Press Release 01/01
NET LOSS OF 9 MILLION HECTARES OF FORESTS PER YEAR DESPITE INCREASES IN PLANTATIONS
Rome, 22 January.- The global rate of net forest loss has slowed to 9 million hectares per year, according to the latest global forest assessment by the UN Food and Agriculture Organization (FAO).
The assessment shows a rate 20 percent lower than the global figure previously reported in 1995. Forests are disappearing most rapidly in Africa and Latin America, whereas in Asia, the reduction of natural forests is largely compensated by new plantation forests. In Europe and North America the forest area is increasing, according to the FAO survey.
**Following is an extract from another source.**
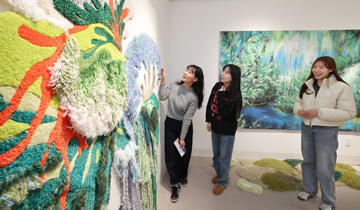 24일 서울 노원구 중계동 불암산아트포레 갤러리를 찾은 관람객들이 터프팅(Tufting) 기획전 「밀실 각자의 방」 전시 작품을을 관람하고 있다. 이번 전시는 박현지, 남궁아린, 박지훈, 장민석 4인의 작가가 실을 엮어 쌓아 올린 터프팅 작품으로 독특한 질감과 따스한 감성을 선보인다. 전시는 3월 22일까지 열린다.

Overall, the world contains around 6000 square meters of forest for each person, which is reducing by 12 square meters every year.
These figures have been published on the FAO Forestry Web site (www.fao.org/forestry) and will be officially presented in FAO's State of the World's Forests 2001 due to be released on the occasion of the forthcoming session of FAO Committee on Forestry, in Rome on 12 March . The Committee on Forestry (COFO) is FAO's leading forum for international discussions on forest policy and technical issues, and it will be attended by more than 100 FAO member countries .
The current survey is the latest in global forest assessments by FAO spanning a 50-year period and the first of its kind to be implemented using a uniform global definition of forest. The findings reveal a diverse picture, where some countries still have very high levels of deforestation (mainly conversion of forests to other land uses) while others show significant increases in forest cover through plantations or natural re-growth .
"These differences", according to FAO Director General Dr. Jacques Diouf, "cannot be explained by population pressure on forests alone. Rather they are apparently the results of economic developments at large, and national forest or land use policies. Therefore, forestry surveys should address, on a sustainable basis, further development of the forestry sector which constitutes a backbone of world food security."
Commenting on the new global assessment on forests, Dr. Hosny El-Lakany, Assistant Director General (Forestry Department), said: "Although remote sensing has increased the information about forests in general, field surveys remain the main source of knowledge about forest dynamics and forest change. FAO is now addressing the need for improved quality and relevance in forestry information in new proposals for future forest assessments to be discussed at COFO in March".